Lindberg cited Maurice Ravel's ballet Ma mère l'Oye and Arnold Schoenberg's Verklärte Nacht for string sextet as deciding influence in the piece's orchestration and composition. He wrote, "One of my earliest ideas with regard to this project was to create a big piece, but I didn't want to use a huge orchestra since I had done that many times in the past; I wanted the work to be more constrained, played by a smaller ensemble, and a perfect masterpiece in that category is Ravel's Ma Mère l'oye (Mother Goose), which is a gorgeous piece, particularly in the way that Ravel builds up tremendous expression with smaller resources." The composer added, "For me, the most beautiful moment in music history occurs at the end of [Schoenberg's Verklärte Nacht]. I actually worked in a one-bar quote from Verklärte Nacht at the end of Al largo. I use my own melodic material on top of it, but there is a real, small gesture toward Schoenberg. I'm still fascinated by that moment in music history, when tonality somehow collapsed."

===Instrumentation===
The work is scored for an orchestra consisting of two flutes (2nd doubling piccolo), oboe, cor anglais, two clarinets, bass clarinet, two bassoons (2nd doubling contrabassoon), two horns, two trumpets, two trombones, tuba, two percussionists, harp, piano, and strings.

==Reception==
Al largo has been praised by music critics. Reviewing the world premiere, Anthony Tommasini of The New York Times described Al largo as a "a lushly colorful, brilliantly orchestrated, teeming, intriguing yet baffling work." Tommasini wrote, "The piece is basically an essay for orchestra, full of restless, swirling figures, eerie fanfares, solo flights and harmonies that stack up, note by note, to create thick, pungent masses of sound: a Lindberg trademark." He nevertheless added, "There were arresting moments in Al largo.
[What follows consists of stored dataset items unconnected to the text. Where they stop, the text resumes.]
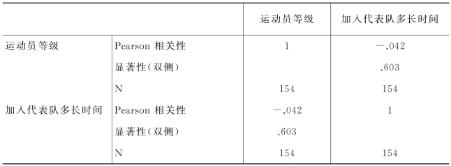 由表4-1-28可知,入队时间的长短还是在一定程度上和运动员等级相关度不明显(P>0.05)。即代表队训练不以运动员的级别作为入队的标准,也不是高校中运动员整个运动训练的主要目的,学生入队时间长短并没有运动员等级的差异性。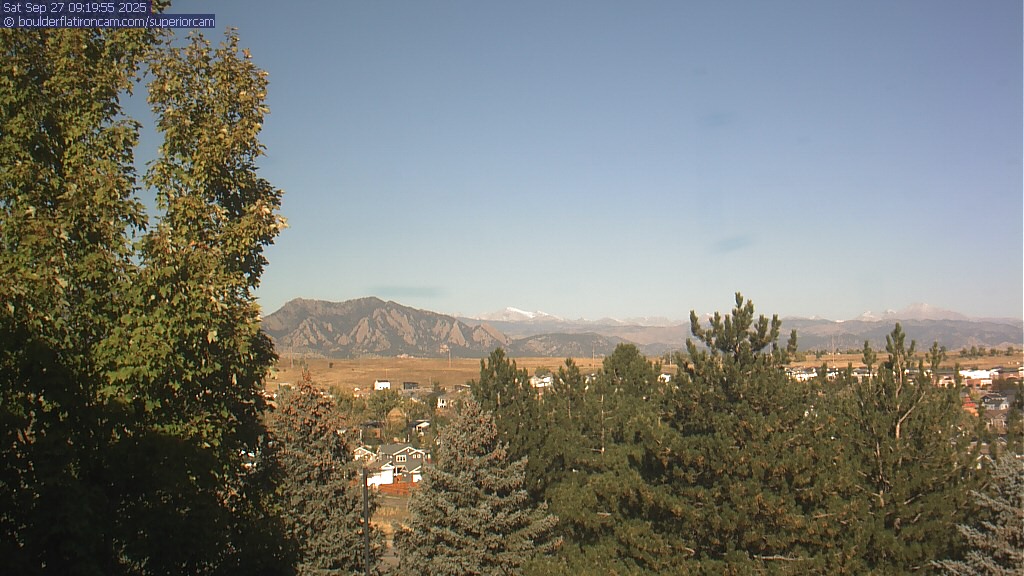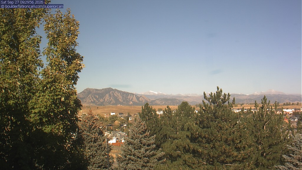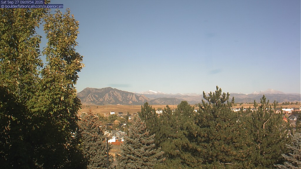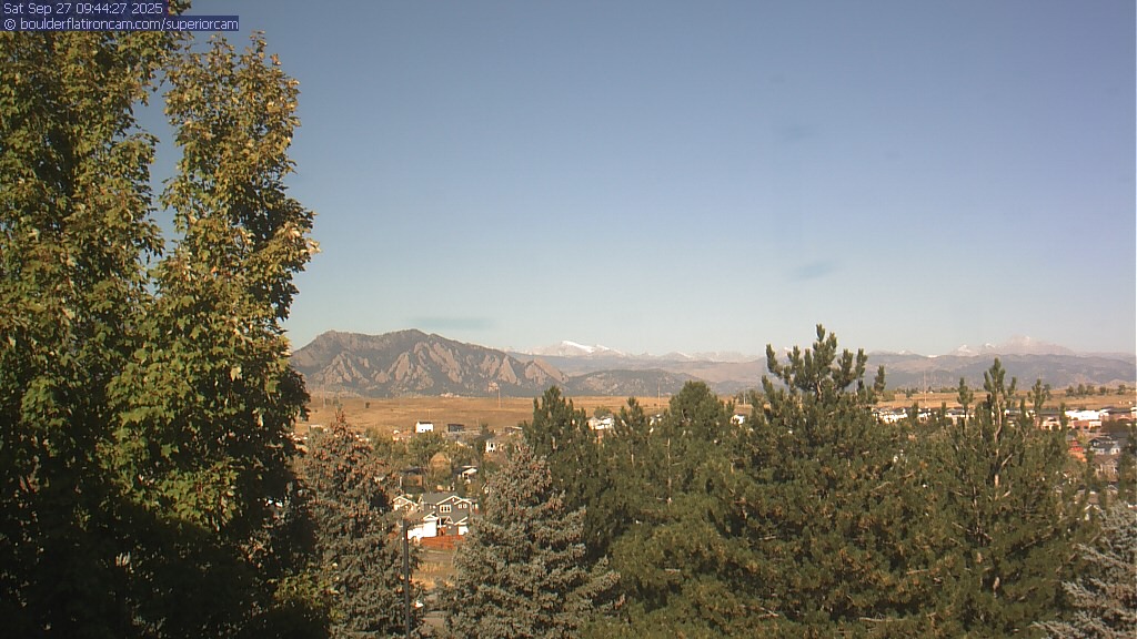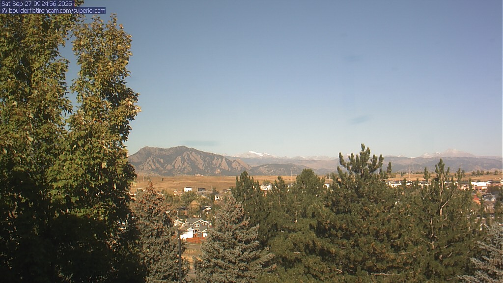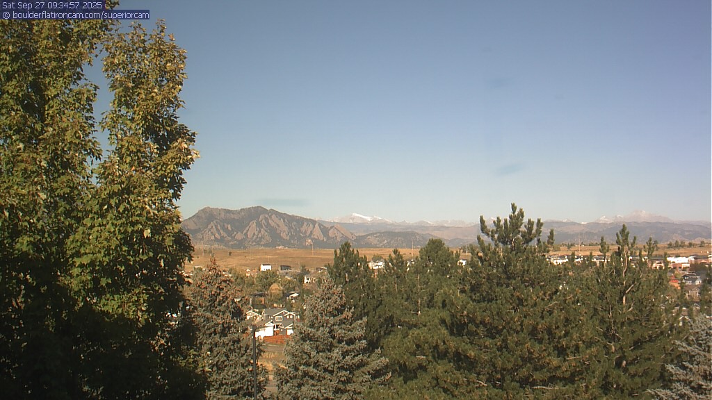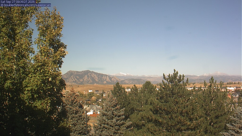 The Superior cam has a great view to the northwest over Boulder, the Flatirons, Indian Peaks and Long’s Peak.   The Coal Creek trail is visible in the foreground with old town Superior.  Thanks to Aweida Venture Partners management for the great view.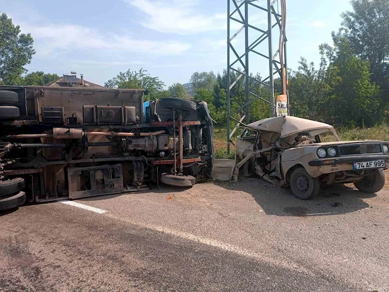 Edinilen bilgiye göre, Bartın'dan Kozcağız istikametine seyir eden G.G.(44), idaresindeki 67 AU 885 plakalı çöp kamyonu, Budakdüzü yol ayrımı mevkiinde İ.B. (23) idaresindeki 74 AF 995 plakalı otomobile çarptı. Çarpışmanın etkisi ile kamyon devrilirken, otomobil ise kullanılamaz hale geldi. Kazayı görenlerin haber vermesinin ardından olay yerine 112 acil sağlık ve jandarma ekipleri sevk edildi. Yaralanan otomobil sürücüsü ambulansla Bartın Devlet Hastanesine kaldırılırken, çöp kamyonu sürücüsü kazadan yara bile almadan kurtuldu.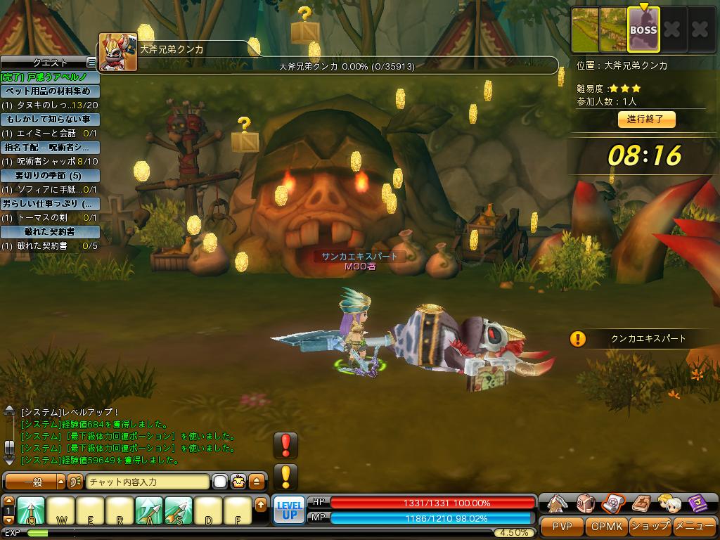クエスト経験値がありがたすぎる。 あと、課金してアバレット回してみたんですが、11回中5個が男用装備で、女装備も足とスカートが2個ダブる 結局使える部位4個というマゾさ ウサ耳つけれたしもうそれでいいや・・・・ PR ・ボスソロ ・クエストこなし ・野良PTでボス連戦 ・身内でクエスト手伝い 等やりつつレベル27。 今まで一切説明が無かったんで補足 ・管理会社はネクソン。今のところログインオンラインや鯖缶は見られない。 ・正式サービス初日はキムチパーティだったらしい ・年齢層は多分低い ・ヌルゲーなので地雷プレイは殆ど見かけない(突っ込む前衛と回復しない魔法職くらい?) ・BOTは見かけないが、街中央でのRMT業者の全チャが鬱陶しい ・横殴りは普通 ・2D横スクアクションで操作は十字キーとasdfzxcv、ジョイパッド設定可能 ・基本的には通常MAPでの戦闘か、ミッションモードでの殲滅&ボス戦、それに伴ったクエスト ・クエスト内容はアイテム集め・指定のMOBorBOSS討伐・ミッションクリア、お使い等 ・MAPの要所要所にポタがある・街で自動回復の速度が上がるのでお座りや移動に時間が掛からない ・レベル2~3ごとに新しいMAPへいけるので新鮮 ・MAXで4人PT ・スキル制で、ステータスは自動配分、スキル振替えにリアルマネーが掛からない ・上記より、一度作った職は作り替える必要が無い ・職ごとの育成難易度の差が激しい ・武器防具は過剰・特殊効果付与が可能だけどもちろん失敗するし確立はお察し 職業体感 弓使い 自分で使ってる職。ボスソロ可能で火力もHITも高いがスキルディレイ中に囲まれると即死。 PTプレイでは後衛で固定砲台になればメイン火力だけど前衛居なかったら逃げ回る紙くず 剣士 前衛職その1。1:1で殴り合いか複数相手だとスタンさせてだらだら殴ってる感じ 全体的に敵倒すのに時間かかってる ただしちょっと囲まれたくらいじゃ死なない PTに1人いると凄い楽、でも2人いると討伐時間が目に見えて伸びる 盗賊 空中でダメージ食らわずに広範囲にスキル攻撃 いつもMP枯渇してるイメージ MPpot使ってる時は前衛こなせて火力もある 魔法使い スローヒールがあるだけでBOSS戦がものすごい楽 1PTに1人か2人いると安心 ume見てる限り育たない内はMPが持たない=火力も無い スキル次第で高火力にもなるっぽい 前衛1後衛3(うち魔法職最低1)が理想 そんな感じです。 |

I was never bored. But the piece did not earn its length. The flow of events sounded arbitrary, like hearing a fragmented film score without seeing the film. Still, Mr. Lindberg writes brilliantly for orchestra, and Mr. Gilbert and the Philharmonic made the most of it in this glittering, virtuosic performance." Andrew Clark of the Financial Times similarly called the work "an attractively upbeat symphonic essay." Richard Whitehouse of Gramophone favorably compared the piece to Lindberg's EXPO, remarking, "More complex in content and evolution, Al largo (2010) falls into two continuous parts – the first as dense and eventful as the second is luminous and thoughtful – with a climactic burst of energy spilling over into a Sibelian string threnody redolent of those found in numerous Lindberg orchestral works these past two decades."